室町幕府

室町時代概要

 北朝では1338年に足利尊氏が征夷大将軍に任ぜられ、足利尊氏は正式に京都に幕府を開いた。だがこの新たな幕府は武士団を調整をするどころか、武士団すら満足に束ねることは出来なかった。それは室町幕府の統治権威が低かったからである。室町時代は平穏な時代と誤解しやすいが、それは太平記という歴史書の題名のせいで、室町時代は戦いに明け暮れた時代である。

 

足利尊氏

 足利尊氏はカリスマ性に溢れた武将であったが、幕府の混乱を招いたのは尊氏の人間味溢れる性格にあった。
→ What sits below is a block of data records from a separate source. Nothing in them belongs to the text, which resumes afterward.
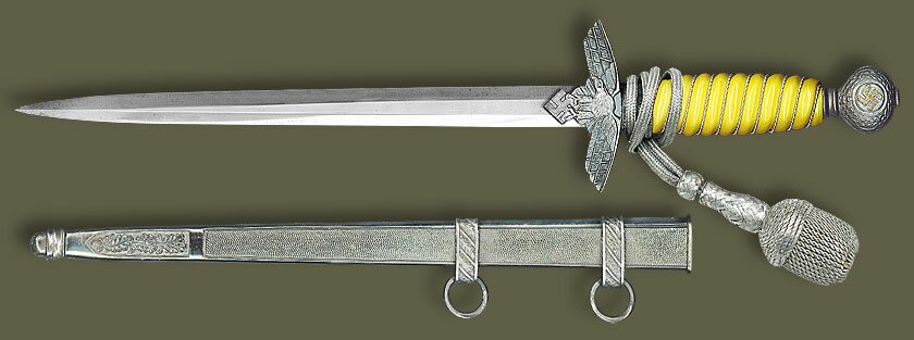 В этой модели форма черена претерпела изменение следующего характера: он стал сферической формы, с обычной свастикой, повернутой на 45° и окаймленной изображениями желудей и дубовых листьев. Свастика носила объемный характер, чуть выступая из поверхности и, как правило, была позолочена. Спиралевидной формы рукоятка могла выполняться из различных материалов (слоновая кость, дерево пластик) и имела разные цветовые оттенки. Выделяют четыре основных цвета по аналогии с армейским кортиком: белый, желтый, оранжевый и черный. Лицевая сторона крестовины содержала изображение официального орла Luftwaffe, сжимающего в когтях свастику. Над эфесом находились выступающие выгравированные изображения дубовых листьев. Обоюдоострый клинок длиной 10 и 1 /4 дюйма имел гладкую поверхность и мог выполняться по желанию заказчика из дамасской стали (за отдельную плату). Поверхность ножен имела зернистую текстуру. В нижней части содержалась гравировка в виде дубовых листьев. Кроме того, имелись две плоские вставки в виде обхватывающих полос, к которым крепились специальные кольца, за которые должен был цепляться подвес.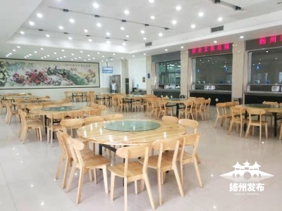在扬州市政府西大院的食堂门口,摆着一条“夹菜用公筷”文明就餐标语,食堂干净宽敞,桌子整齐摆放。“我们已经准备就绪,主要提供团餐,也有部分散客快餐。”机关生活服务中心相关负责人介绍,预计一次性服务容量为100人左右。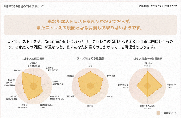 具体的には、体を動かしてネガティブな気分を発散させたり、もやもやした気持ちを抱えている時には、それを紙に書き出してみたりすることも有効です。先程の「5分でできる職場のストレスセルフチェック」は、チェック後にストレスケアのアドバイスもしてくれるため、それを参考にしてみてもいいと思います。

 南北朝時代は、後醍醐天皇が建武の新政が失敗し、吉野に移り南朝を開いたのがきっかけであるが、これも尊氏の優しさが根本にあった。尊氏は後醍醐天皇を追放することができたが吉野に逃がしたままであった。尊氏には源頼朝のような冷静な判断力や猜疑心がなく、鷹揚であり心情的に後醍醐天皇に忠誠心があったのである。

 江戸時代から太平洋戦争にかけて、足利尊氏は天皇に弓討つ逆賊とされた。皇居には楠木正成の銅像はあっても尊氏の像はない。このように尊氏は逆賊・極悪人にされているが、それは尊氏が南朝の後醍醐天皇に背いたからとされているが、本当は気立ての優しい正直な人だった。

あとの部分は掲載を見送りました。